Фридрих вернулся к разговору о своих готовых лопнуть нервах.
— Неделю в полном неведении, — сказал он, — моя нервная система не выдержит. Я не гожусь для такого пассивного героизма. В активном состоянии я могу большего добиться.
— Вы, наверно, еще всё помните о Кожаном Чулке, — заметил Вильгельм с иронией. — А значит, вы не забыли, коллега, что краснокожие в Америке больше всего на свете почитали пассивный героизм. Вспомните о столбе для пыток.
— Не угодно ли вам, — ответил Фридрих, — оставить меня в покое с вашими пытками и столбами для них! Если сегодня я узнаю, что винт у нас сломан и завтра нам предстоит беспомощно болтаться в море, я просто-напросто не выдержу и послезавтра брошусь за борт. По этой самой причине я решительный противник спасательного пояса, даже если вы будете мне его навязывать.
Шло время. Весь день ни на миг не умолкал бьющий по барабанным перепонкам шум океана, а сумеречный свет не только не исчезал, но к вечеру сгустился еще больше. Как и все пассажиры, Фридрих тщетно ожидал той минуты, когда винт вновь заработает и вернет силы замершему судну. В страхе и отчаянии люди стали соизмерять шквальные удары, стараясь установить, сокращаются ли или увеличиваются отделяющие их паузы. Но ненастье не утихало, и временами Фридрихом овладевала какая-то необъяснимая мания преследования. Его ужасали — и это действовало больше всего — страшные крики запертых палубных пассажиров, доносившиеся в течение нескольких часов с небольшими промежутками. Загнанные в одно место, они жалобно стонали, молились в голос, взывали изо всех сил к небесам, моля о помощи, дико вопили частью от страха, частью от ярости, а частью и от физической боли. Но, как если бы ничего не случилось, в назначенный час пронзительный сигнал к ужину огласил потерявший управление корабль, этот огромный, вновь осветившийся бесчисленными огнями, но по-прежнему безвольный ковчег, этот блистающий иллюминаторами, заледенелый волшебный замок, превращенный волнами в послушную игрушку для их угрюмых забав, и Фридрих спрашивал себя, найдется ли кто-то, у кого хватит хладнокровия или мужества или просто-напросто желания именно сейчас участвовать в обыденной процедуре приема пищи. Но Вильгельм кликнул клич: «К столу, господа!» — и так как Роза, вымокшая, но бодрая, только что вернулась, чтобы ухаживать за детьми, и потому было невозможно оставаться дольше в каюте Ингигерд, Фридриху пришлось присоединиться к доктору Вильгельму и Хальштрёму, которые вышли без долгих раздумий за дверь и решительно зашагали по палубе. Какаду кричал. Элла визжала, пока Ингигерд и Роза не взялись довольно энергично за нее. Прежде чем покинуть каюту, Фридрих спросил:
— Может быть, вы хотите, чтобы я остался? Буду рад, если вы станете сейчас располагать мною, фройляйн Ингигерд.
В ответ он услышал:
— Благодарю, господин доктор, приходите обязательно опять.

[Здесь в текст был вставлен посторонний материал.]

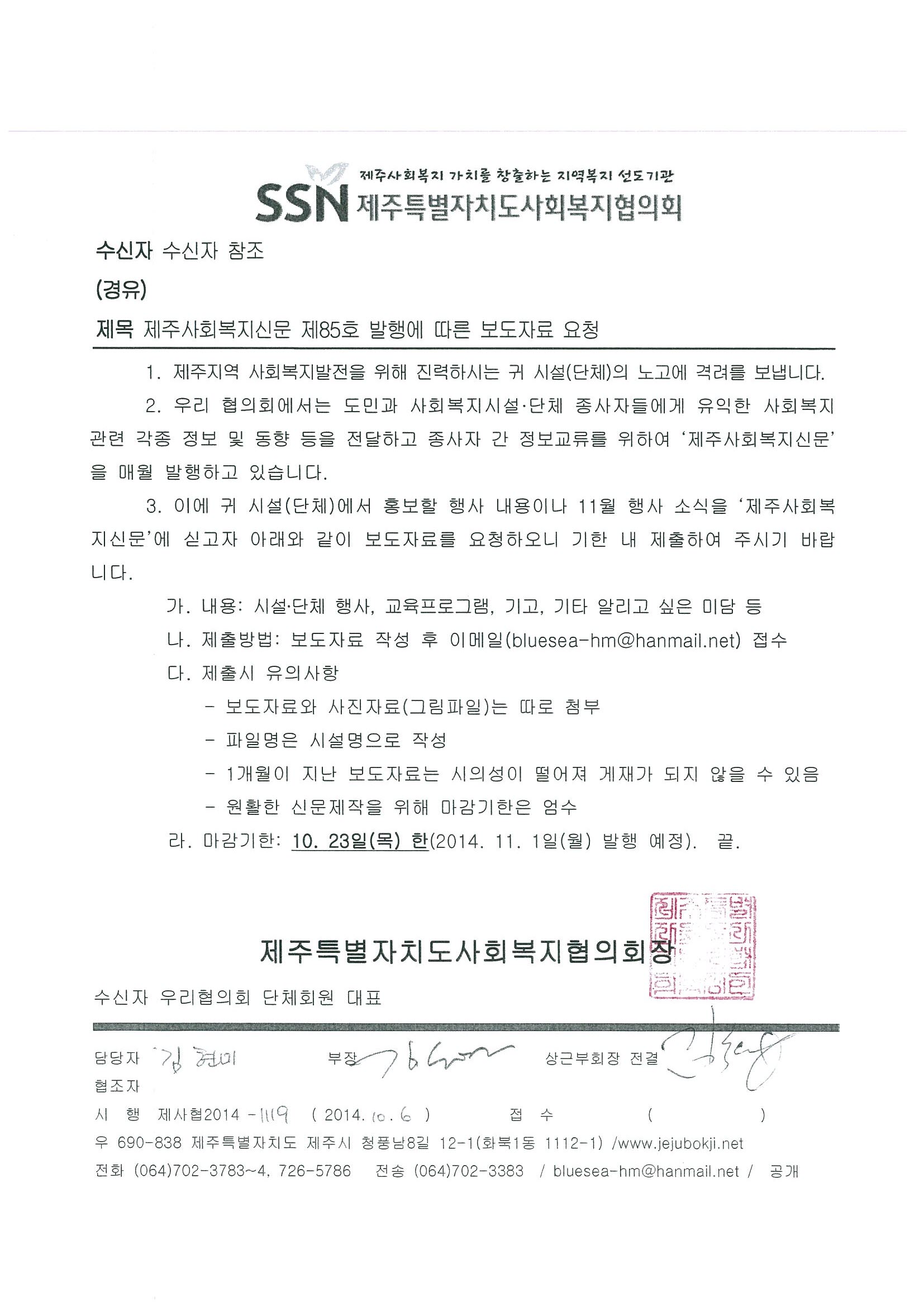 제주사회복지신문 85호 발행에 따른 보도자료 요청 공문

И Фридриха поразило, с какой непринужденностью задал свой вопрос он и ответила она.
И тут неожиданно все вдруг переменилось. По тому, как с особым трепетом задрожали стена и пол, стало ясно, что вновь ожили ритм энергии и ритм целеустремленности, пульс и сердце «Роланда». Ингигерд ликовала как дитя, а Фридрих сжал зубы. Приток возрожденной жизни, новых чаяний и возможностей, возвращение к упорядоченности в сочетании с общей разрядкой вызвали у него некую слабость. К горлу Фридриха, грозя сразить его окончательно, подступили слезы. Потрясенный, он вышел на палубу.
Совсем иная картина предстала теперь перед его глазами. Исполненный радостных сил, «Роланд» снова мчался вперед, навстречу шумящей темени. Вся эта чертова кутерьма, напоминавшая картину всемирного потопа, опять представлялась ему желанным веселым праздником. Он снова пробивал бреши в перекатывающихся во мраке горных хребтах, позволяя вздымать себя и с дикой яростью низвергать в дольние глубины, и каждый раз при этом на несколько секунд к носившемуся в воздухе шуму добавлялся стук обнажившегося винта.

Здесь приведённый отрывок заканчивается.